Assignment: Once the pictures are set aside, transcribe each line of the data exactly.

Collected data:

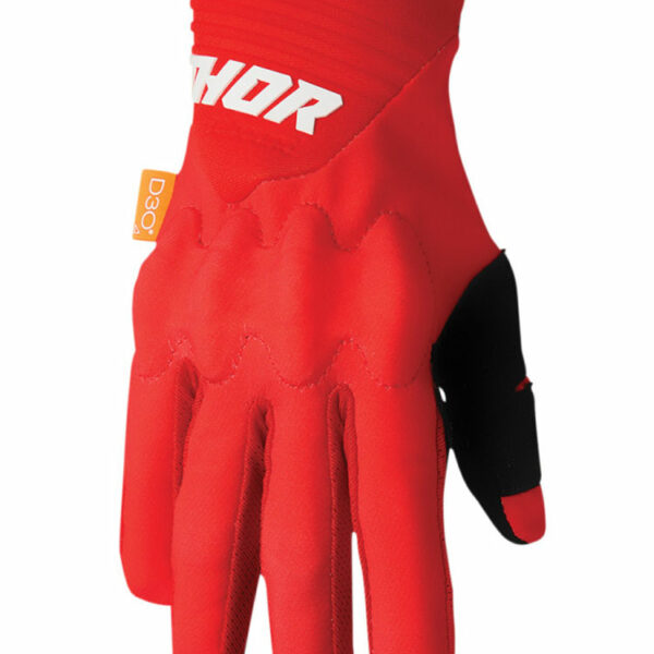 Rękawice cross Thor Rebound zapewniają wysoki komfort i bardzo dobrą ochronę podczas jazdy. Wierzch rękawicy wykonany jest z bardzo elastycznej i oddychającej tkaniny Airprene, a spód z perforowanego materiału Clarino. Zastosowanie tych materiałów sprawiło, że powstał produkt zapewniający doskonałą mobilność, bardzo dobrą przyczepność i świetne wyczucie kierownicy. W celu zwiększenia przepływu powietrza między palcami umieszczono przewiewne, meshowe panele. Rękawice wyposażone są w miękkie ochraniacze kostek D3O, które pod wpływem nagłego uderzenia twardnieją i pochłaniają jego energię. Producent wzmocnił również kciuk dodatkową warstwą materiału. Mocne zapięcie na rzep w nadgarstku bezpiecznie utrzymuje rękawicę na dłoni. Rękawice posiadają na palcach specjalne panele, które pozwalają na obsługę ekranów dotykowych bez ich ściągania.
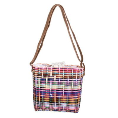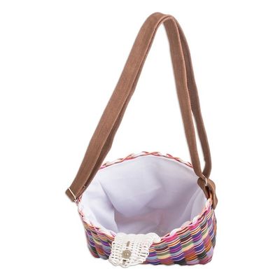 Asociación de Mujeres Vida y Esperanza $64 Item Detail Leather-Accented Striped Cotton Sling Bag in Pink and Red 'Carnation Fate' $64 10
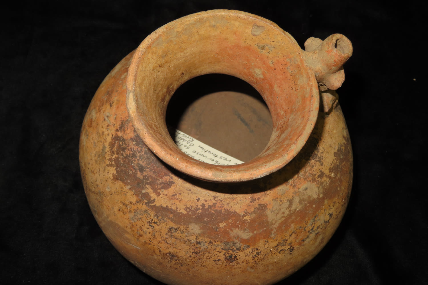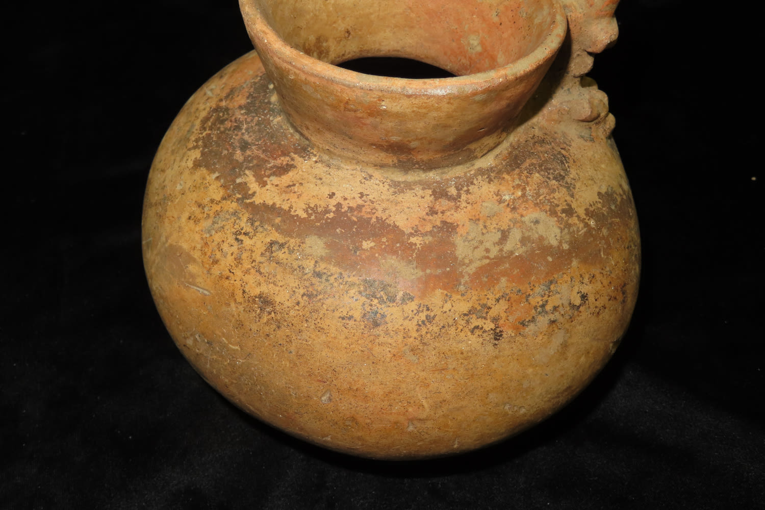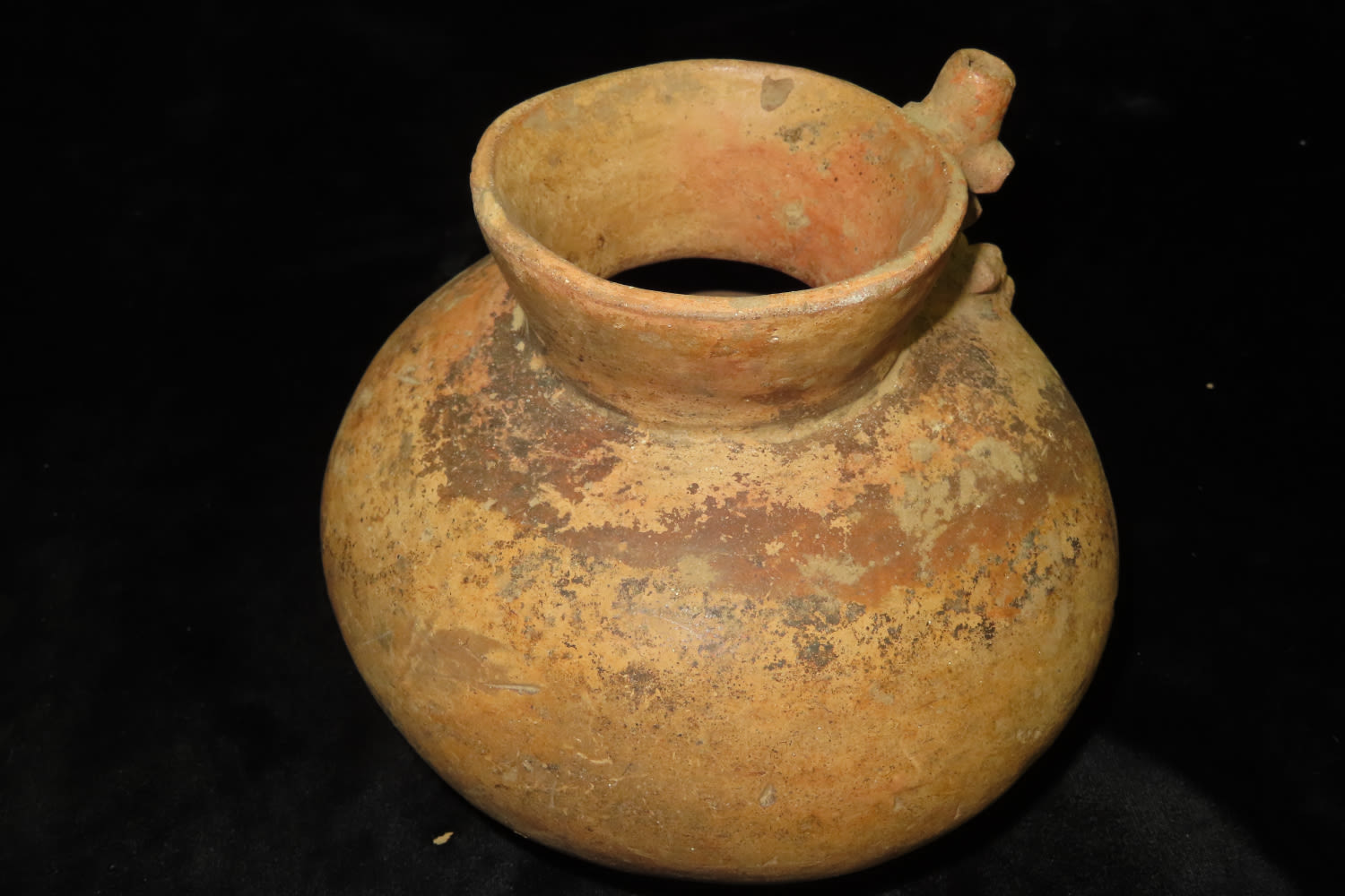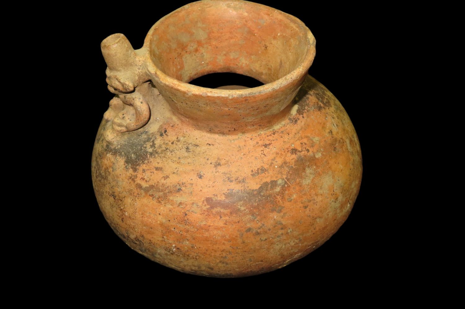 Effigy Bottle 6 3/8″ Tall x 7 1/4″ Dia Masked Human Effigy Bottle, Found Nicoya Costa Rica, Prior to 1963. 200-600 AD Has probe scar and stress cracks, otherwise solid with No restoration Caddo COA & Rivertine COA
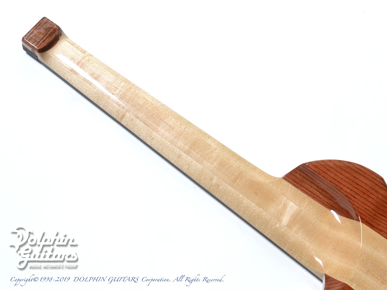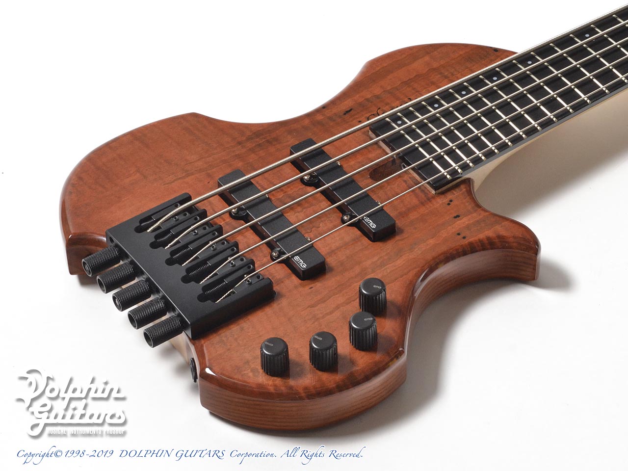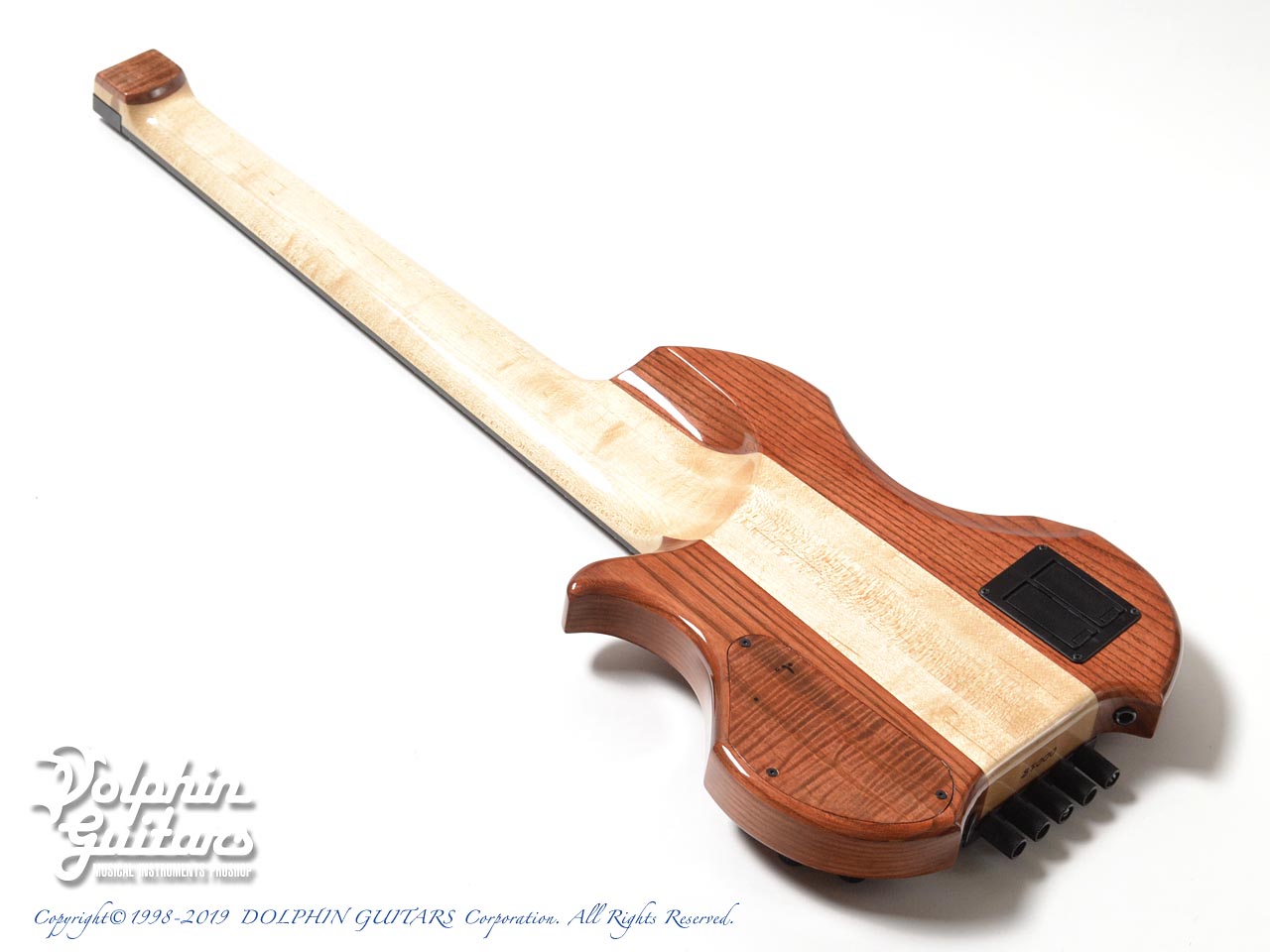 スポルテッド・カーリーメイプル・トップ(フルカバー)、アッシュ・バック、ハード・メイプル3p・ネック(ネックスルー)、エボニー指板、USA HIPSHOT製ヘッドレスユニット、EMG J-set for 5st搭載、フルグロスフィニッシュ。
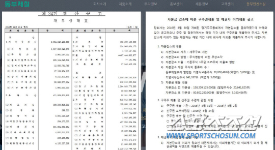 금융감독원 전자공시시스템에 따르면 동부제철은 지난해 매출 2조3200억원으로 2015년 3조240억원 대비 23.3% 줄었고, 당기순손실도 480억원으로 사실상 적자 상태다. 자본총액도 2013년 말 1조3267억원에서 2014년 말 695억원, 지난해 말에는 34억원으로 급격히 감소했다. 완전자본잠식은 면했지만 2년 연속으로 자본잠식률이 50%를 상회하는 상황이다. 동부제철의 자본잠식률은 2014년 81.3%, 2015년 97.8%에 달한다.
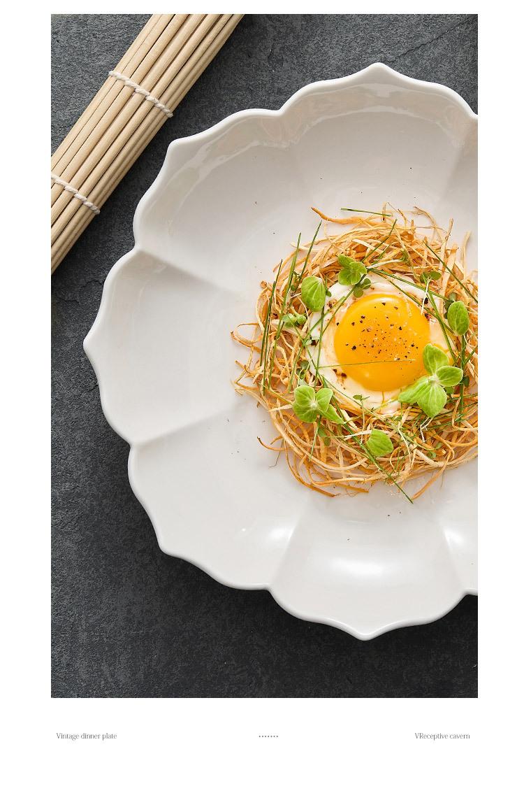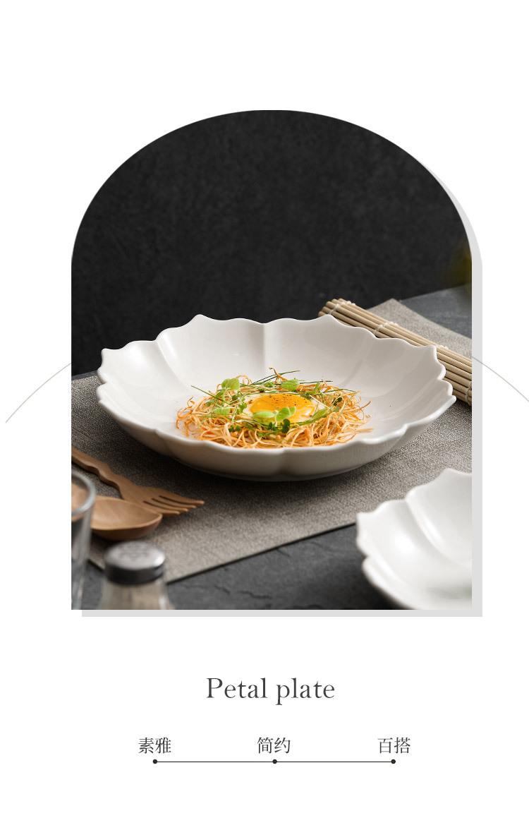 Prato de Cerâmica, Prato Fundo, Prato de Sopa Pétala Doméstico de Alto Nível, Prato de Jantar Simples, Apresentação Criativa, Novo Prato para Salada/Sobremesa
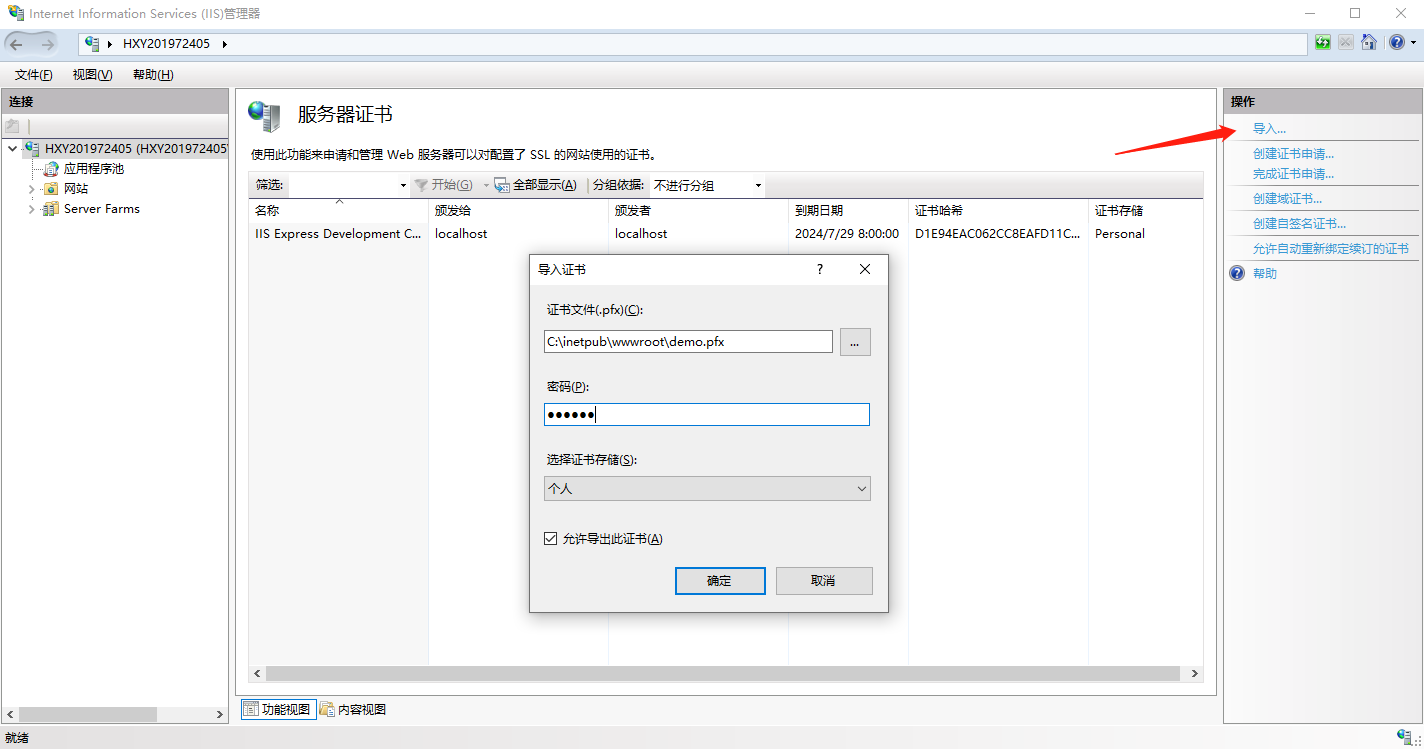 點擊右邊操作的【導(dǎo)入】,選擇創(chuàng)建好的pfx證書文件,輸入創(chuàng)建文件時輸入的密碼(上面第4步創(chuàng)建pfx文件時輸入的密碼,這里是123456):
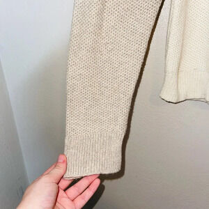 Madewell cream & tan colorblock Province cross-back pullover sweater. In excellent condition! Crew neckline. Long sleeves. Cross back style. Colorblock. Thick knit material. Cream color with tan sleeves & neckline. Size medium.
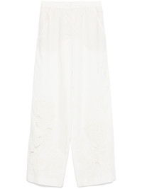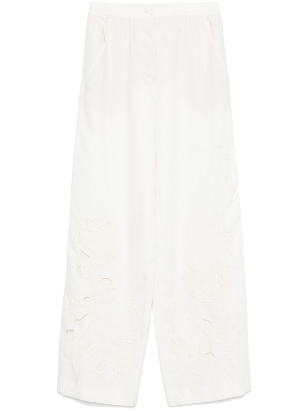 floral-embroidered trousers Highlights - White - Concealed fly and button fastening - Two diagonal pockets to the sides - Two rear patch pockets Imported Composition Linen/Flax 100%
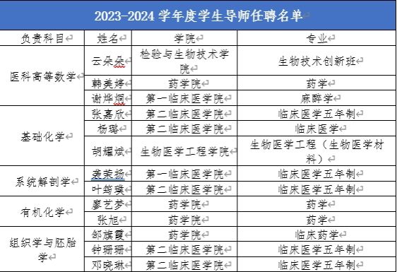为更好开展本次学生导师聘任活动,会议前期,教学发展中心学生学习支持中心(以下简称学支)提前在顺德校区面向大二学生开展了学生导师招募活动。招募考核分为面试和笔试两个环节,应试科目包括基础化学、高等数学、系统解剖学、有机化学和组织学与胚胎学。共34人参与本次活动,其中13人最终确定为各科学生导师。
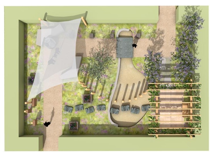 Ein kleines Wäldchen aus Blauglockenbäumen bringt Schatten und räumliche Fassung in die Anlage. Ergänzt wird es durch ausgewählte Gehölze wie Apfelquitte, Grannenkiefer und Blumenhartriegel, die den Garten zusätzlich gliedern und bereichern.

Written response:
 Rękawice cross Thor Rebound zapewniają wysoki komfort i bardzo dobrą ochronę podczas jazdy. Wierzch rękawicy wykonany jest z bardzo elastycznej i oddychającej tkaniny Airprene, a spód z perforowanego materiału Clarino. Zastosowanie tych materiałów sprawiło, że powstał produkt zapewniający doskonałą mobilność, bardzo dobrą przyczepność i świetne wyczucie kierownicy. W celu zwiększenia przepływu powietrza między palcami umieszczono przewiewne, meshowe panele. Rękawice wyposażone są w miękkie ochraniacze kostek D3O, które pod wpływem nagłego uderzenia twardnieją i pochłaniają jego energię. Producent wzmocnił również kciuk dodatkową warstwą materiału. Mocne zapięcie na rzep w nadgarstku bezpiecznie utrzymuje rękawicę na dłoni. Rękawice posiadają na palcach specjalne panele, które pozwalają na obsługę ekranów dotykowych bez ich ściągania.
 Asociación de Mujeres Vida y Esperanza $64 Item Detail Leather-Accented Striped Cotton Sling Bag in Pink and Red 'Carnation Fate' $64 10
 Effigy Bottle 6 3/8″ Tall x 7 1/4″ Dia Masked Human Effigy Bottle, Found Nicoya Costa Rica, Prior to 1963. 200-600 AD Has probe scar and stress cracks, otherwise solid with No restoration Caddo COA & Rivertine COA
 スポルテッド・カーリーメイプル・トップ(フルカバー)、アッシュ・バック、ハード・メイプル3p・ネック(ネックスルー)、エボニー指板、USA HIPSHOT製ヘッドレスユニット、EMG J-set for 5st搭載、フルグロスフィニッシュ。
 금융감독원 전자공시시스템에 따르면 동부제철은 지난해 매출 2조3200억원으로 2015년 3조240억원 대비 23.3% 줄었고, 당기순손실도 480억원으로 사실상 적자 상태다. 자본총액도 2013년 말 1조3267억원에서 2014년 말 695억원, 지난해 말에는 34억원으로 급격히 감소했다. 완전자본잠식은 면했지만 2년 연속으로 자본잠식률이 50%를 상회하는 상황이다. 동부제철의 자본잠식률은 2014년 81.3%, 2015년 97.8%에 달한다.
 Prato de Cerâmica, Prato Fundo, Prato de Sopa Pétala Doméstico de Alto Nível, Prato de Jantar Simples, Apresentação Criativa, Novo Prato para Salada/Sobremesa
 點擊右邊操作的【導(dǎo)入】,選擇創(chuàng)建好的pfx證書文件,輸入創(chuàng)建文件時輸入的密碼(上面第4步創(chuàng)建pfx文件時輸入的密碼,這里是123456):
 Madewell cream & tan colorblock Province cross-back pullover sweater. In excellent condition! Crew neckline. Long sleeves. Cross back style. Colorblock. Thick knit material. Cream color with tan sleeves & neckline. Size medium.
 floral-embroidered trousers Highlights - White - Concealed fly and button fastening - Two diagonal pockets to the sides - Two rear patch pockets Imported Composition Linen/Flax 100%
为更好开展本次学生导师聘任活动,会议前期,教学发展中心学生学习支持中心(以下简称学支)提前在顺德校区面向大二学生开展了学生导师招募活动。招募考核分为面试和笔试两个环节,应试科目包括基础化学、高等数学、系统解剖学、有机化学和组织学与胚胎学。共34人参与本次活动,其中13人最终确定为各科学生导师。
 Ein kleines Wäldchen aus Blauglockenbäumen bringt Schatten und räumliche Fassung in die Anlage. Ergänzt wird es durch ausgewählte Gehölze wie Apfelquitte, Grannenkiefer und Blumenhartriegel, die den Garten zusätzlich gliedern und bereichern.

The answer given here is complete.